4月6日からNHK総合でスタートした『新プロジェクトX~挑戦者たち~』。

2000年から5年に渡って放送された国民的人気番組『プロジェクトX』が令和の時代に、18年ぶりに復活した。

「3月に急きょ終了した土曜夜の『ブラタモリ』に代わり、満を持してNHKが誇る名番組が復活することになりました。旧シリーズでは昭和の戦後復興と高度成長がメインテーマでしたが、新シリーズではバブル崩壊以降の平成から令和にかけての“失われた30年”がテーマとなっています」(スポーツ紙記者)

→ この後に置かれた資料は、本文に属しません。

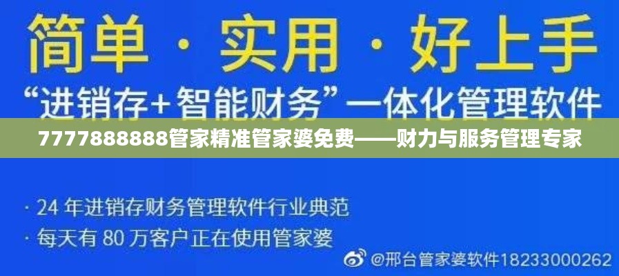 “7777888888管家精准管家婆免费服务”是一个品牌、一种理念,更是一种全新的服务,它代表着全方位的财务和生活管理服务,旨在为澳门地区的政策文件制定者、执行者和民众提供无缝的服务体验。“管家婆”在这里不仅是一个角色,更是一种形象,强调对细节的关注和对精确管理的追求,而“免费”的概念则意味着这一服务以无微不至、不计成本的方式为澳门地区提供支持。

NHKも中島みゆきでおなじみの主題歌『地上の星』も新収録する気合の入れようで、「今回の復活は、NHK上層部の肝いりで復活した企画だと聞いています」(前出・同)という。

実際に4月17日に行われたNHKの定例会見では稲葉延雄会長自ら「復活して大変喜んでおります。番組を見ても、さまざまな人間ドラマがあった事を知りまして、心打たれました」と“自画自賛”していた。

しかし、実際に『新プロジェクトX』の現場からは、今後を懸念する声が多数挙がっていると、あるNHK制作関係者は言う。

「それは昨今のテレビ業界で叫ばれるコンプライアンスの問題です。

大ヒットしたドラマ『不適切にもほどがある!』でも描かれていたことと同じですね。

もともと旧『プロジェクトX』が成功したのは、昭和の時代にあった大工事などの巨大なプロジェクトに立ち向かっていく主人公たちの姿。“働き方改革”が叫ばれる現代社会ではありえないような過酷な試練やエピソードを、ドラマチックに演出したから人気になりました。

例えば、旧シリーズではあるメーカーの極秘プロジェクトが紹介された際、“窓際社員が業務時間の合間を縫ってこっそり試作していた”というエピソードがありましたが、現在の基準では“労務管理がどうなっていた”とか“予算はどこから出ていた”といった指摘が噴出することでしょう」

新シリーズでも、基本的な番組フォーマットは前作と変わらないという。

「スタート前に放送された特別編では、旧シリーズの神回と呼ばれた『黒四ダム』が放送されましたが、あまりの過酷なエピソードに現在の基準では放送が難しいと実感させられました。ただしそういったエピソードが人気を獲得していたのは事実。

なので、今シリーズにおける平成期のプロジェクトでも“昭和の仕事ぶり”は多いはずで、それもある程度は避けられません。

ただし、NHK側がクリアしても今後は取材される企業や組織サイドが、批判を懸念してNGを出すことも考えられます。そうすると企業の意向を踏んだ演出が多くなる可能性があり、番組自体のパワーが落ちるかもしれません」(前出・NHK関係者)

特別編に出演した宇宙飛行士の野口聡一さんは「令和の時代だから女性が活躍するとか、働き方改革にフォーカスしてほしい」と話していた。果たして、新たな挑戦で令和でも“国民的番組”になれるのか――。